I've added a reference to PMID:1007238 which points out a general class of contraindications ("all patients with unfavourable ventilation response to oxygen treatment"). The third paragraph links to retinopathy of prematurity, which requires careful monitoring of the infant's response to O2 therapy. The fourth paragraph of the section discusses the effect of oxygen on chronic obstructive pulmonary disease which can cause problems of CO2 build-up if breathing response is not monitored. I also believe that paraquat poisoning is a relative contraindication as well, but I'll have to look for a decent source. If that is enough to justify "there are certain situations in which oxygen therapy can have a negative impact on a patient’s condition", then perhaps you could remove the {{dubious}} template? --RexxS (talk) 22:40, 31 August 2010 (UTC)
At worst DISPUTED, not DUBIOUS. And the tag is misleading... the second half of the sentence is undisputed (the situations where it can be harmful). It is only in the sentence lead that there is a disputed fact. I'm taking out the dubious tagging, someone else can add text or tagging to indicate the actual issue. Dovid (talk) 15:38, 21 September 2010 (UTC)

Oxygen versus Autism

Oxygen supplements might be the autism treatment of the future.
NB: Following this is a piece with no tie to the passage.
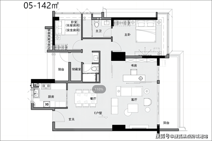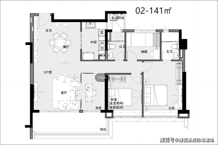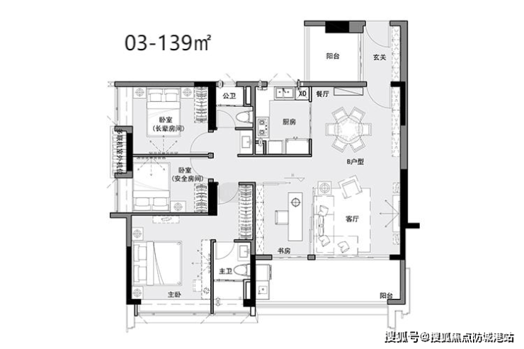 02/03/05户型-建面约139-142m²四房两卫 同样享有约3.15米的层高,6-7米双联阳台设计使得空间更加宽敞明亮。其中02户型特别配备了双阳台,而05户型则为主卧设计了270°飘窗,进一步提升了居住舒适度。
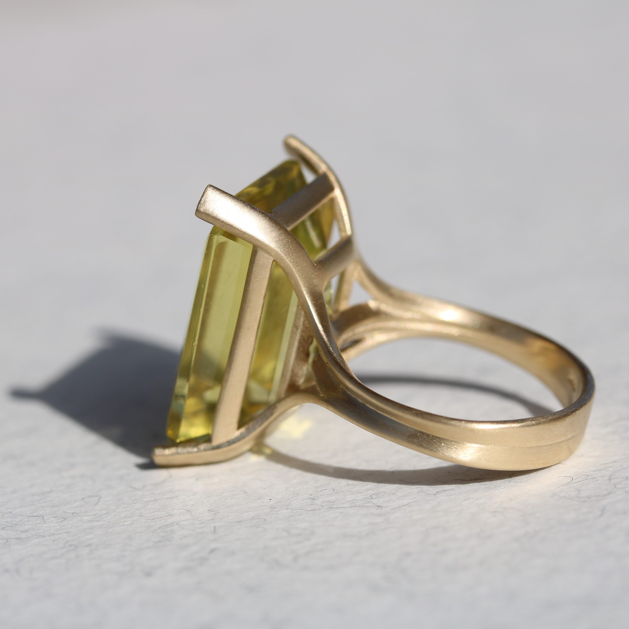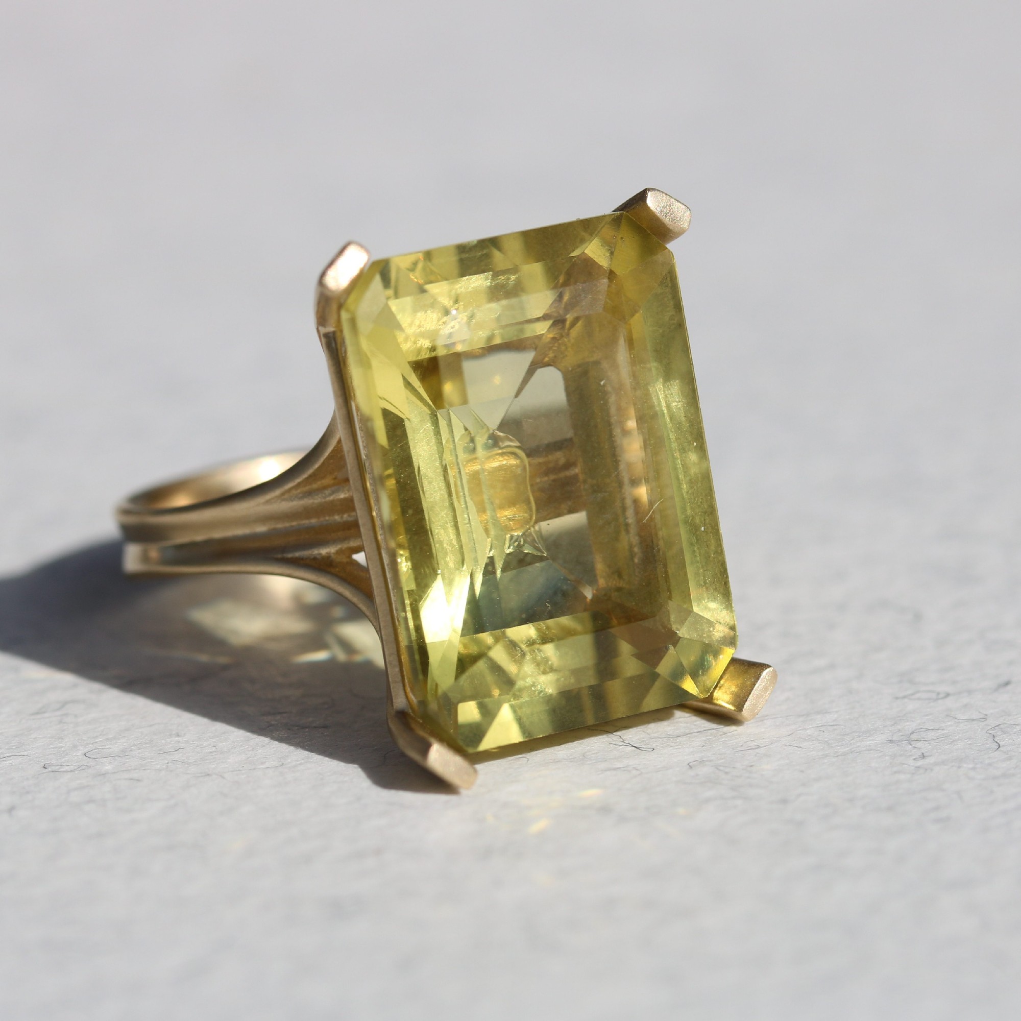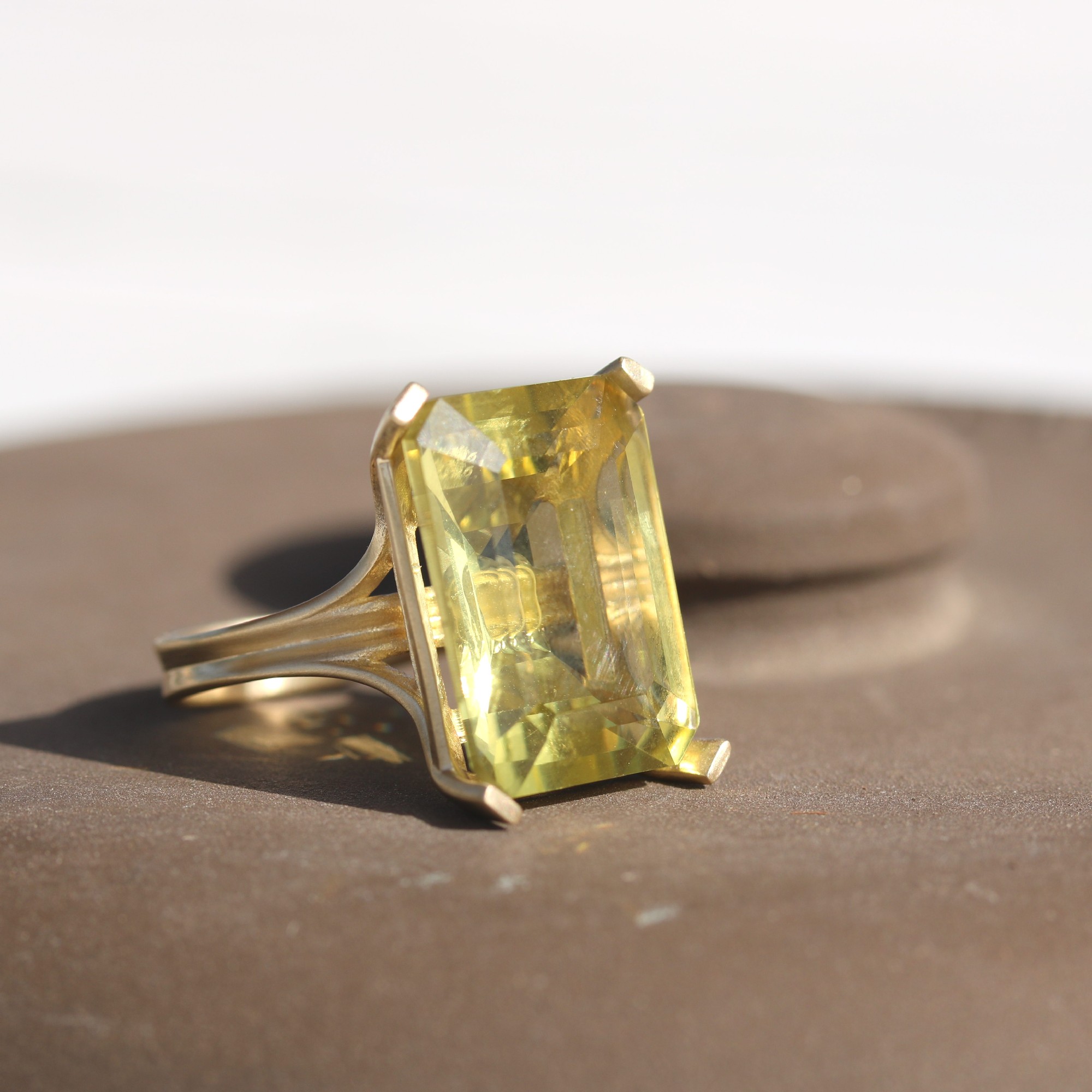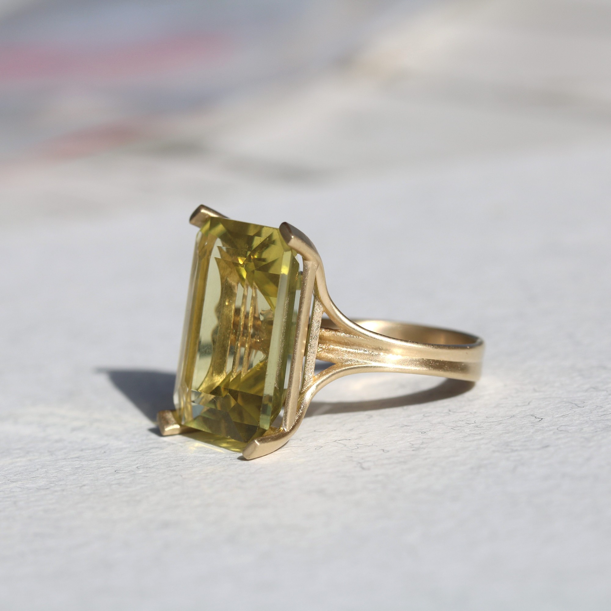 טבעת בזהב צהוב 14K, משובצת  למון קוורץ

New insights provided by clinical psychologists active in the field of neurology, indicate that the ailment wich has up till now allways been asociated with genetic defects, might be a physiologic impairment of the main arteries, leading up to the brain. "Ruptured muscles make for a constricted blood flow" argues one clinical psychologist, "and a bottleneck effect may occur as the remainder of the muscles have more weight to carry, thus a bottleneck effect may occur that puts the hemoglobine under pressure and releases all the oxygen when blood flows past the obstructed area releasing the oxygen from the red blood cells." Accoarding to the specialist, the addition of supplement oxygen in autism patients may negate the effects of oxygen deficiëncies, wich include less oxygen for the production of adenosine triphosphate in braincell tissue. "Rigid behaviour patterns can´t stay out," explains the klinical psychologist, as the cells involved oftenly discontinue and disrupt their activities to protect against overheating, "braintissue goes to sleep mode to preserve itself from too much stress".

"Minor usage of oxygen supplements, of say, a few inhalations per our, would be prepherable to the current treatments for ADD wich is low dosage of amphetamine, wich increases the oxygen intake of the cells. Having less oxygen to begin with however, means that the dosage is oftenly increased to maintain the desired effects, leading up to a full blown addiction oftenly seen in the schoolyards of the US and the EU, where rythalin is solld to fellow pupills as a drug.." —Preceding unsigned comment added by Ketejan (talkcontribs) 14:22, 24 September 2010 (UTC)

I think you'll find that the experimental treatment of autism with oxygen is usually done under hyperbaric conditions. The article Hyperbaric medicine has a short reference to it, and its talk page already has some discussion that you may find useful. --RexxS (talk) 02:46, 25 September 2010 (UTC)

Deletion

DJ deleted material that in his subjective view is trivia. A list, with proper footnotes, reflecting notable persons who used oxygen therapy. He view it as trivia. But this is consistent with what we do all across wikipedia articles - listing notable people who are from cities, or schools, or have names, or are from countries, or are singers, or are of an ethnicity, etc ... and we are not required to ONLY list that fact in that article, which is what DJ says. I would appreciate him reconsidering. If not, I would like us to discuss that at a page that deals with lists of this sort that are part of an article (not standalone lists).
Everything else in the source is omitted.